Мой брат писал про то в своей тетрадке
(раз выпал случай в школе сочинять):
«Я не могу сказать, что всё в порядке.
Наверно, людям некуда девать
самих себя…»
Но – дождь прошёл апрельский,
и дышится – как в городском раю.
Смотрю в окно: огрызки и обрезки.
И жизнь свою – такой – не узнаю.
Поход
Я выступлю,
и значит, наступлю
на горло лжи, что кажется невинной.
Я вдруг пойму, что это значит – жизнь,
и что дошёл уже до половины.
И тёмен лес, я к этому привык;
и тёмным я кажусь из-за одежды,
но брезжит свет и шепчет проводник,
мол, никогда не оставляй надежды.
Я знаю,
потому что здесь чужой.
А свой я там – где свет сияет ярко.
Живым дойти, не высохнуть душой,
свечи не выбросить счастливого огарка.
* * *
Я не боюсь «последнего» стиха,
поскольку жизнь – поэзия по сути:
коряга, камень – знак на перепутье,
пчелы жужжанье в чашечке цветка…
Пока со мною небо и земля,
и колыханье трав, и звёзд свеченье,
поэзия – прощанье и прощенье
тому, что больше не исправлю я;
что, может быть, сопутствует беде,
но выдохнешь беду и вдохом новым
простишь меня с моим неровным словом
и словом злым не помянёшь нигде.
Акварель
Чувства доверь бумаге,
техника так проста:
падают
алые
маки
с беличьего хвоста.
Самое золотое
светит в открытую дверь,
снова уходят в море
севшие вдруг на мель…
Что это – быть собою,
чувствовать рубежи? –
тёмной строкой прибоя
сквозь акварель скажи.
– Снова – за цвет?!
– Не страшно!
В прошлый раз повезло!
Стукнет латунной стяжкой
кисточка о стекло.
* * *
Алый расстелен шёлк –
Грэю шьют паруса.
– Господи, как хорошо
видеть его глаза!
Сколько под белыми шли –
не бросили якорей.
«Нет для тебя любви…» –
море шептало ей.
– Максимум – старый плот,
девочка!
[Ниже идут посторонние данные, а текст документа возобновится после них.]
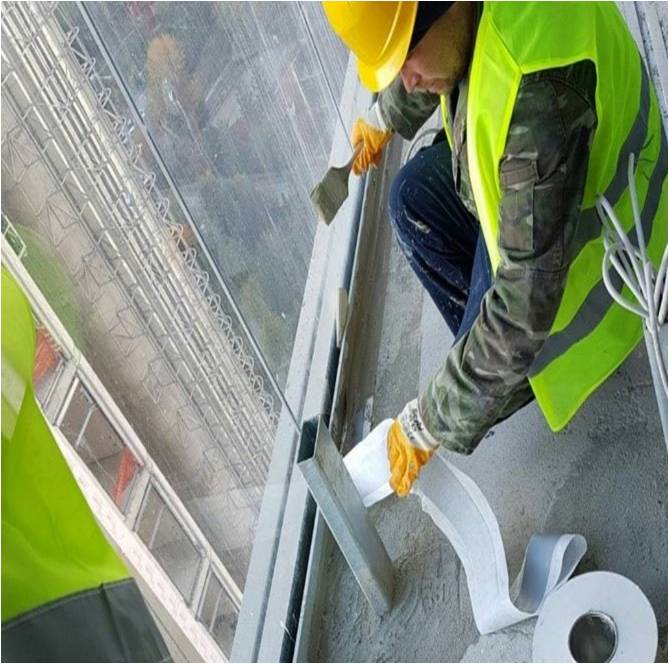 Bant uygulamalarından sonra zemin su ile nemlendirildi. Nemli yüzeye katlar arasında beklemek suretiyle iki kat halinde sürme yalıtım fırça veya rulo ile uygulanarak yalıtım işleri tamamlandı.

Без обид!
Надо же – всё поёт!
Надо же – не грустит!
И по траве, босой, –
к берегу – нет, не зря…
– То за тобой, Ассоль!
Алые как заря.
Редакторское
Опять «подъезжая к станции,
с кого-то слетает шляпа».
Герой остаётся в прострации,
редактор кричит: «Растяпа!
Как ветром, её уносит
неправильным оборотом!»
Сам русский язык и звёзды –
на линии обороны!
Короткие предложения –
весомо, упруго, чётко…
А сколько их – шляп в движении –
на станциях бьют чечётку!
Статью выпускает редакция,
исправлены мастером ляпы.
Герой подъезжает к станции.
На нём (остаётся) шляпа.
* * *
А мой отец писал стихи,
на гейзеры Камчатки глядя.
Не сохранилось той тетради,
лишь фраза «Я писал стихи».
Он атеист был, но и он
природу чувствовал как чудо.
Пока слова валили в груду,
страна истаивала в сон,
он жил как все и не искал
других путей – назвать всё это.
Со мною говорит планета,
и мёртвым тот язык не стал,
но так же непереводим…
Отца я по весне видала,
где море ландышей шептало,
смыкаясь медленно над ним.
* * *
Книга лета не так велика –
сто страниц. Понемногу читаю.
В колонтитуле – Мана-река,
cолнце ходит по верхнему краю.
А под солнцем – полотнища снов –
и счастливых, и странных, и страшных.
Отчего-то был день так медов!
Ночи – стружкою карандашной…
Эпилог накрывает дождём.
Чтенье кончено, в память – созвездье.
Все – чтецы – мы травой прорастём
на потрёпанном августом срезе.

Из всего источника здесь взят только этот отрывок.